In this course, there are no specific questions to answer in your Jupyter Notebook files; your general goal is to analyze
your data using the methods you have learned in this course and in this program, and to draw interesting conclusions
based on the project you have chosen. In some cases, you may already have a clear question you want to answer based
solely on what you see in your data set. In other cases, you may need to explore multiple methods and analyses before
determining which questions should or need to be answered.

This is an iterative process; one that is designed to be self-governed and open-ended.

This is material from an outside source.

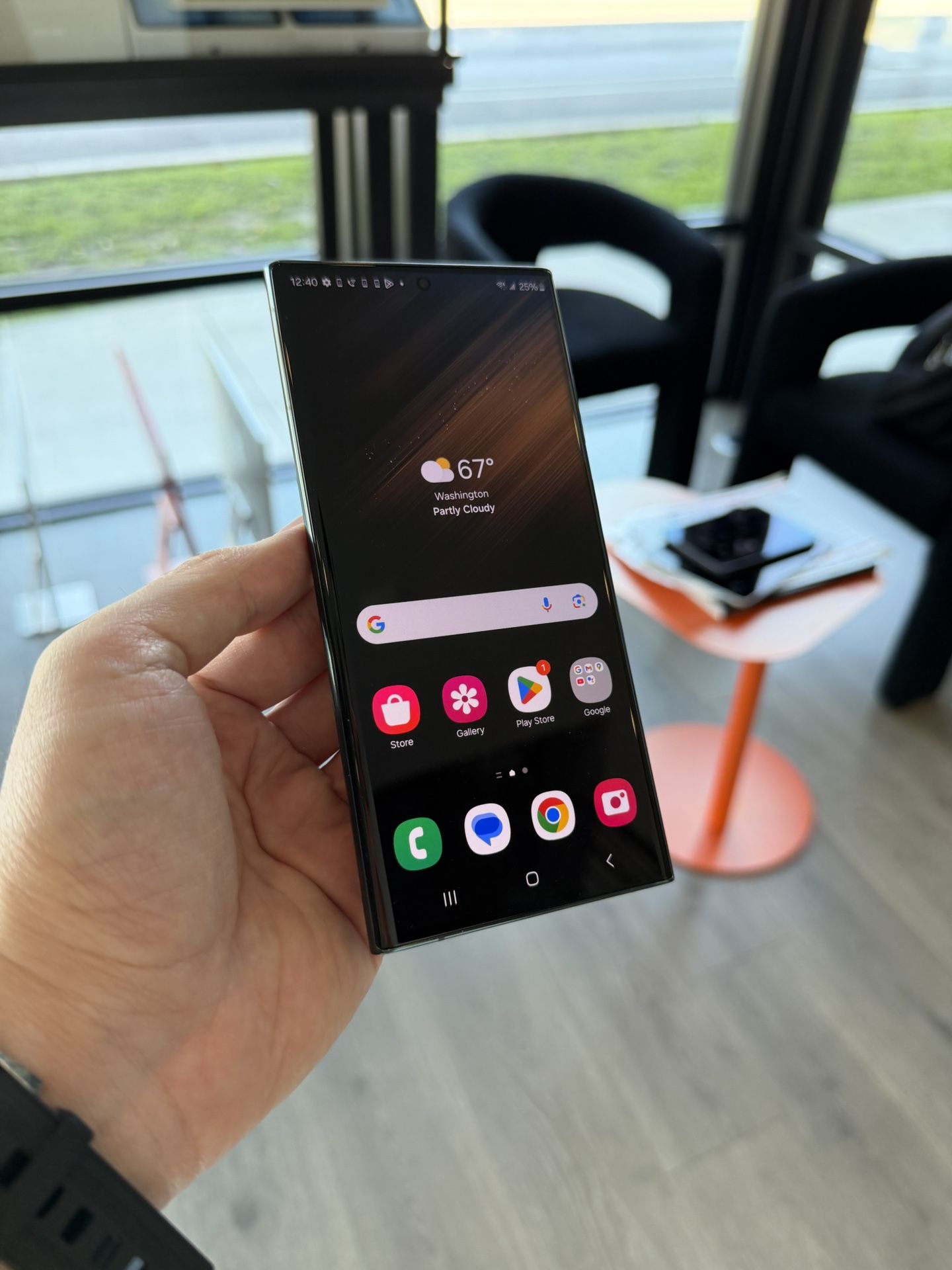 Samsung galaxy S22 ultra 128GB Unlocked to any carrier 90 day warranty We offer financing Have other options in stock asking about Auto details downtown Austin!

As you complete each milestone,
you are developing the narrative behind the data set and, by the time you are ready to complete your Integrated Capstone
Project, determining the key questions that a client related to your project would be interested in having answered.

## Requirements
1. A statement or description of the chosen project

2. An explanation of information learned from using the following modeling techniques. Furthermore, you must select
one to two of these weeks (a–f) to discuss in a thorough and interesting way:
- Polynomial and interaction terms (Week 1) X
- Lasso, ridge, elastic net regression (Week 2)
- Forward and backward selection, principal component regression (PCR), partial least squares regression
(PLSR) (Week 3)
- Logistic regression and feature scaling (Week 4)
- Support vector machines, the kernel trick, and regularization for support vector machines (Week 5) X
- Decision Trees and Random Forests X 

3. For each topic above (2a–2f), an explanation of the following (as applicable to your dataset):
- How did you avoid overfitting?
    - You should mention the techniques used to prevent overfitting, why these techniques were expected to be helpful, and the results.
- What metric(s) did you use, and what was the result? Did you use any hyperparameter tuning?
    - You should describe the metrics and hyperparameter tuning performed to determine hyperparameters and include a discussion of the meaning of these parameters.
- What aspects of the results were expected or unexpected?
- How did your Exploratory Data Analysis help with the modeling?
- What sources did you rely on, apart from the course materials, to learn about this model.
    - In this context, it is expected that you will find external sources, such as free educational URLs, and share and discuss them with other students through YellowDig.

4. Specific and supported conclusions drawn from the models.
- How has your work up to this point helped address any research questions or other questions of interest?
- Provide an explanation as to how you know the conclusions are true, potentially addressing any or all of the topics mentioned in Requirement 3 (i.e., overfitting, metrics, etc.)
    - This explanation should show that:
        - The conclusions are true from a quantitative perspective, and
        - Explain why the conclusions are relevant and/or important.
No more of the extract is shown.